Our ability to pay quarterly distributions will be subject to, among other things, general business conditions within the rigid disc drive
industry, our financial results, the impact of paying distributions on our credit ratings, and legal and contractual restrictions on the payment of
distributions by our subsidiaries to us or by us to our shareholders, including restrictions imposed by the covenants contained in the indenture
governing our senior notes and the credit agreement governing our senior secured credit facilities. Any reduction or discontinuation of quarterly
distributions could cause the market price of our common shares to decline significantly. Moreover, in the event our payment of quarterly
distributions is reduced or discontinued, our failure or inability to resume paying distributions at historical levels could result in a persistently
low market valuation of our common shares.

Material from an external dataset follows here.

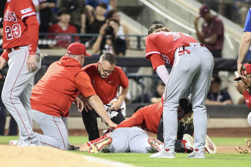 MLB美國職棒大聯盟昨日洛杉磯天使隊與紐約大都會一戰,在比賽地4局時出現了相當驚悚的「爆頭」一幕,讓現場所有球迷都嚇傻了眼!原因是在一壘手傳球傳向三壘試圖抓盜壘的跑者時,不慎將球砸到補位投手的頭部聲音相當響亮,投手當場倒地不起隨即退場送醫進行治療。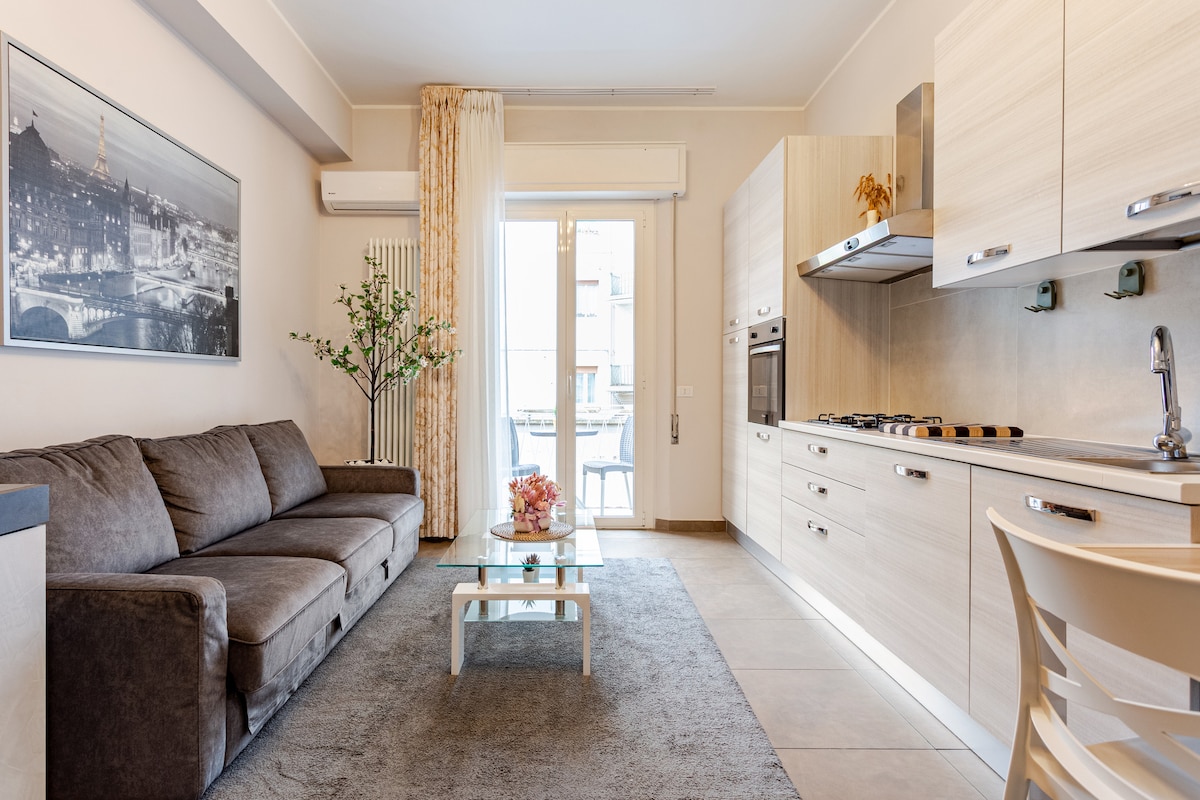 Bilocale con terrazzo, ideale per soggiorni business, coppie o famiglie. Nel centro storico di Rimini, vicino al Palacongressi, alla stazione (1 fermata per la Fiera) e al mare. Camera con letto matrimoniale, cabina armadio e TV; zona giorno con divano letto, tavolo e seconda TV. Cucinino con microonde, frigo, bollitore e caffè Illy. Bagno privato. Wi-Fi veloce, Smart TV, aria condizionata e lavatrice. Culla e seggiolone su richiesta. Parcheggi e ristoranti vicini. Accesso alla cucina Coliving

Taxation of Distributions—Certain U.S. shareholders may be ineligible for favorable U.S. federal income tax treatment on
distributions on our common shares.
Because we did not have any current or accumulated earnings and profits for U.S. federal income tax purposes for our taxable year ended
June 27, 2003, distributions on our common shares during this period were treated as a return of capital rather than dividend income for U.S.
federal income tax purposes. There can be no assurance, however, that we will not have current or accumulated earnings and profits for U.S.
federal income tax purposes in future years. To the extent that we have current or accumulated earnings and profits for U.S. federal income tax
purposes, distributions on our common shares will not be treated as a return of capital distribution and will be treated as dividend income.
Furthermore, we currently believe that we are a foreign personal holding company for U.S. federal income tax purposes. Under recent
U.S. federal income tax legislation, U.S. shareholders who are individuals will not be eligible for reduced rates of taxation applicable to certain
dividend income (currently a maximum rate of 15%) on distributions on our common shares if we qualify as a foreign personal holding
company in the year in which such distributions were made or in the preceding taxable year. As a result, if distributions on our common shares
are treated as dividend income because we have current or accumulated earnings and profits in the taxable year in which such distributions are
made, U.S. shareholders who are individuals may not qualify for favorable U.S. federal income tax treatment under the new legislation.